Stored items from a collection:
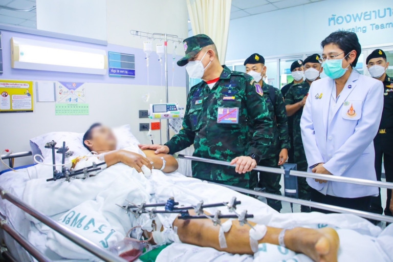 ซึ่งผู้บัญชาการทหารบกและคณะได้เดินทางไปเยี่ยมให้กำลังใจกำลังพลที่ได้รับบาดเจ็บระหว่างปฏิบัติหน้าที่ ณ โรงพยาบาลสงขลานครินทร์ (มอ.) อ.หาดใหญ่ จ.สงขลา และโรงพยาบาลปัตตานี อ.เมือง จ.ปัตตานี พร้อมนำกระเช้าเยี่ยมให้กำลังใจผู้ได้รับบาดเจ็บ ก่อนยืนยันถึงสิทธิและสวัสดิการต่างๆ ว่ากองทัพบกจะดูแลอย่างสุดความสามารถ พร้อมทั้งชื่นชมและให้กำลังใจแก่ครอบครัวทหารหาญที่เสียสละเพื่อรักษาความสงบเรียบร้อยให้แก่พี่น้องประชาชน ซึ่งเหตุการณ์ต่างๆ ที่เกิดขึ้นไม่มีใครอยากให้เกิดการบาดเจ็บหรือสูญเสีย แต่เมื่อทุกอย่างเกิดขึ้นแล้ว ขอให้ถือเป็นบทเรียนและนำมาทบทวนปรับแก้กันใหม่ เพราะภารกิจสร้างความปลอดภัยในพื้นที่ยังเดินหน้าต่อไปไม่มีวันหยุด แม้จะเหนื่อยหน่อยแต่มันคือหน้าที่
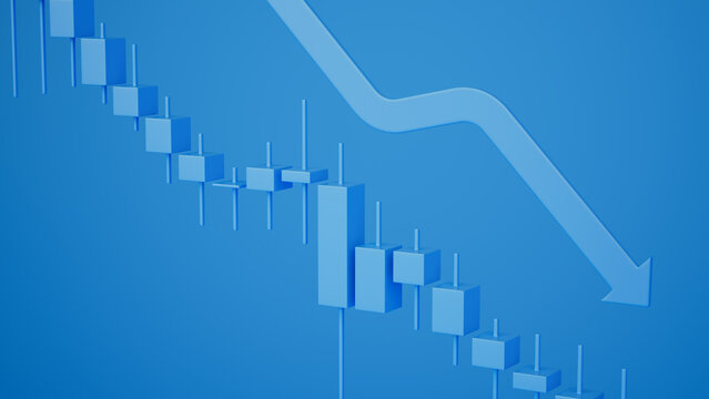 3D Financial Downturn: Blue Bear Market Graph with Downward Arrow
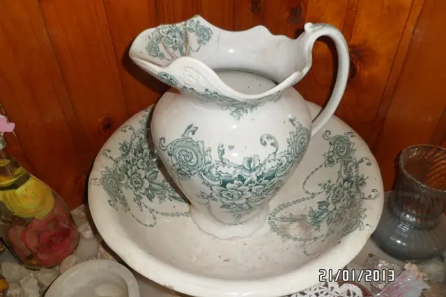 Antes de morir, me regaló lo único que le quedaba de su tierra natal: 4 pequeños vasos de cristal, un porrón de cerveza labrado a mano y su jarra y palangana donde la bañaba su madre.
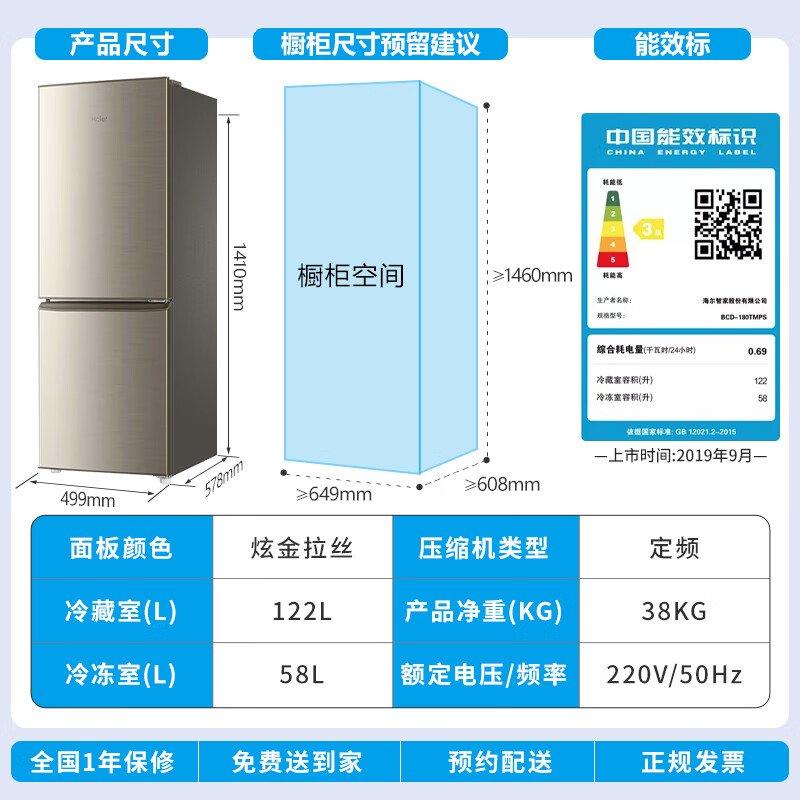 商品名称:海尔BCD-180TMPS
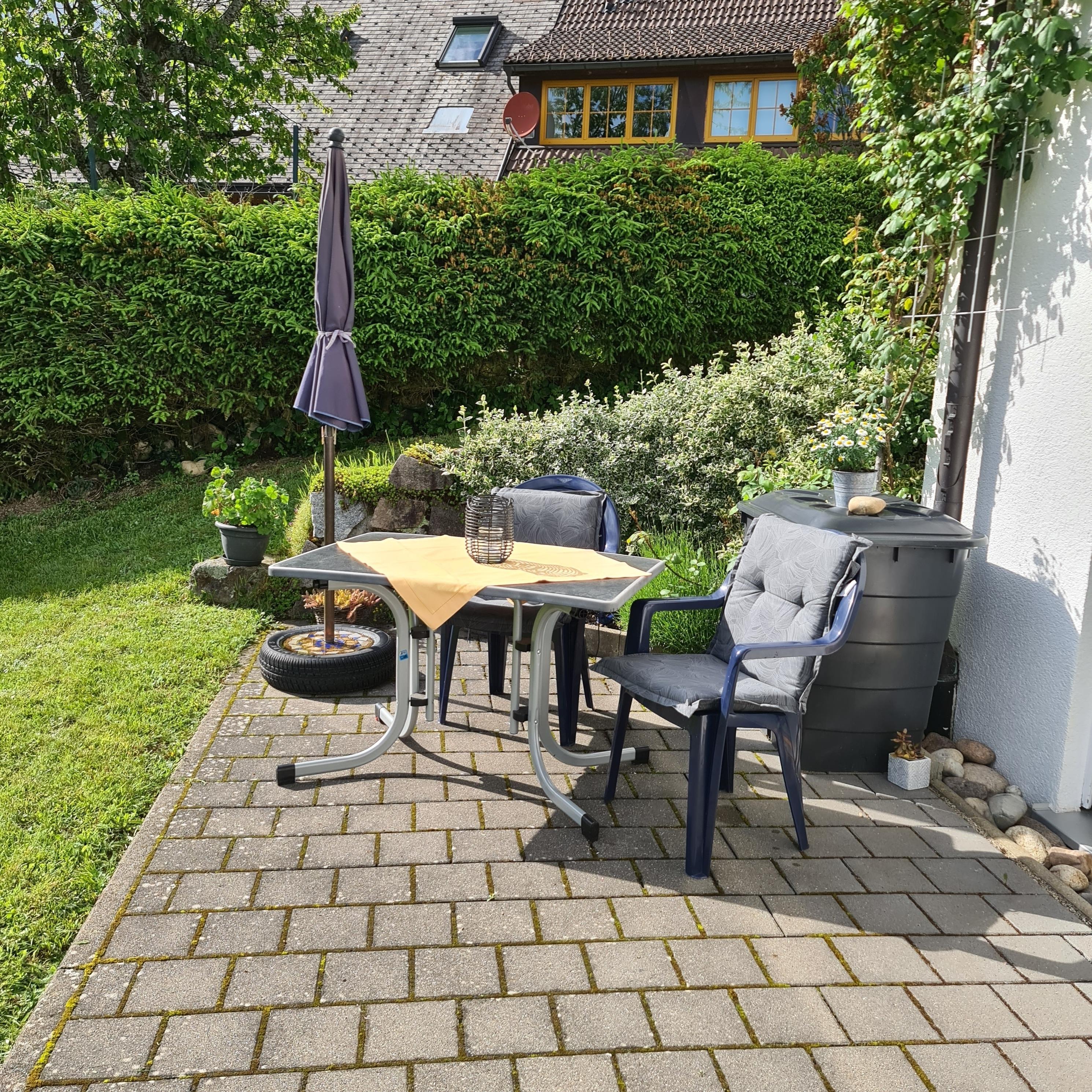Vor der Wohnung lädt auf der Sonnenterrasse eine Sitzgruppe mit wunderschöner Aussicht zum draußen verweilen ein.
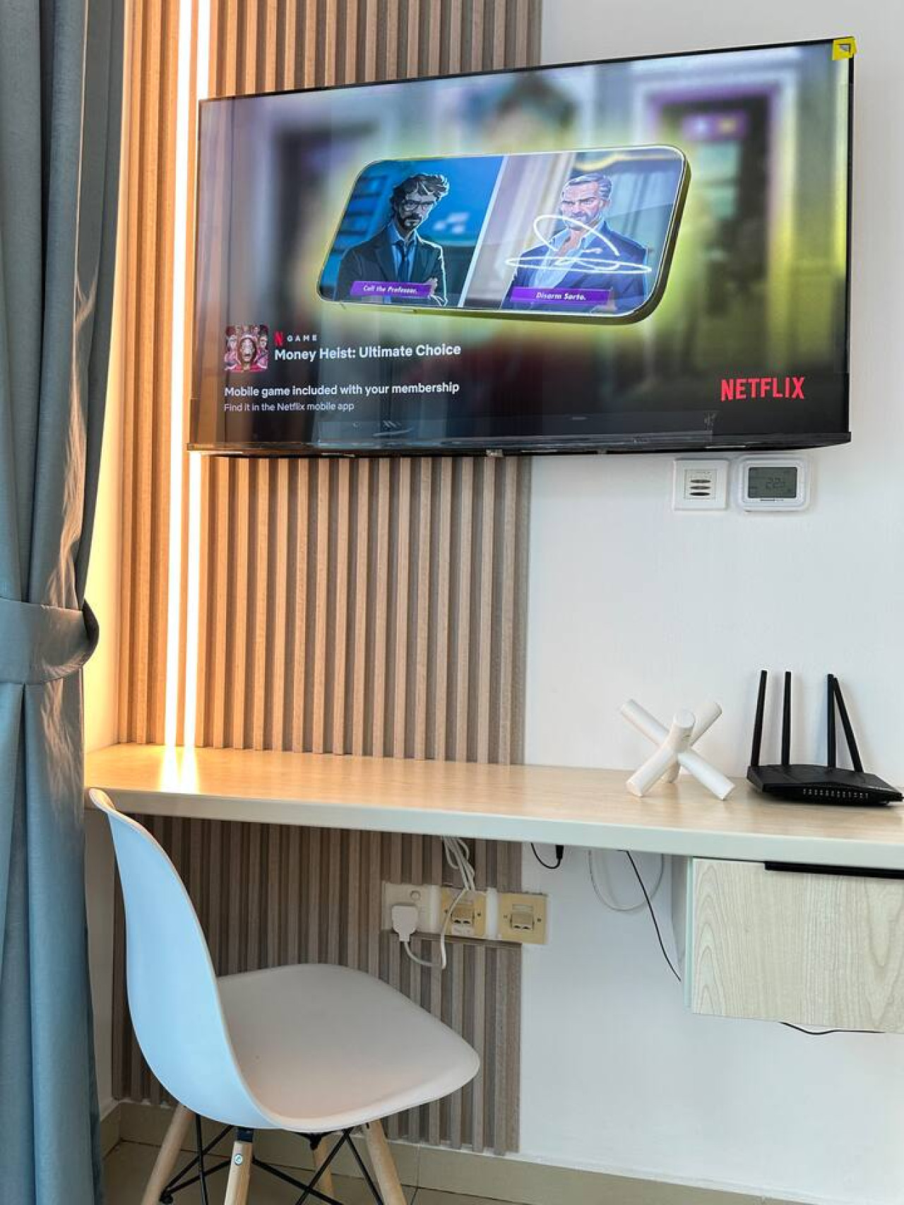 > Dedicated workstation with a desk for added productivity

- **ASSIGNMENT**
Reproduce each line above precisely, with no pictures.

- **EXERCISE OUTPUT**
 ซึ่งผู้บัญชาการทหารบกและคณะได้เดินทางไปเยี่ยมให้กำลังใจกำลังพลที่ได้รับบาดเจ็บระหว่างปฏิบัติหน้าที่ ณ โรงพยาบาลสงขลานครินทร์ (มอ.) อ.หาดใหญ่ จ.สงขลา และโรงพยาบาลปัตตานี อ.เมือง จ.ปัตตานี พร้อมนำกระเช้าเยี่ยมให้กำลังใจผู้ได้รับบาดเจ็บ ก่อนยืนยันถึงสิทธิและสวัสดิการต่างๆ ว่ากองทัพบกจะดูแลอย่างสุดความสามารถ พร้อมทั้งชื่นชมและให้กำลังใจแก่ครอบครัวทหารหาญที่เสียสละเพื่อรักษาความสงบเรียบร้อยให้แก่พี่น้องประชาชน ซึ่งเหตุการณ์ต่างๆ ที่เกิดขึ้นไม่มีใครอยากให้เกิดการบาดเจ็บหรือสูญเสีย แต่เมื่อทุกอย่างเกิดขึ้นแล้ว ขอให้ถือเป็นบทเรียนและนำมาทบทวนปรับแก้กันใหม่ เพราะภารกิจสร้างความปลอดภัยในพื้นที่ยังเดินหน้าต่อไปไม่มีวันหยุด แม้จะเหนื่อยหน่อยแต่มันคือหน้าที่
 3D Financial Downturn: Blue Bear Market Graph with Downward Arrow
 Antes de morir, me regaló lo único que le quedaba de su tierra natal: 4 pequeños vasos de cristal, un porrón de cerveza labrado a mano y su jarra y palangana donde la bañaba su madre.
 商品名称:海尔BCD-180TMPS
Vor der Wohnung lädt auf der Sonnenterrasse eine Sitzgruppe mit wunderschöner Aussicht zum draußen verweilen ein.
 > Dedicated workstation with a desk for added productivity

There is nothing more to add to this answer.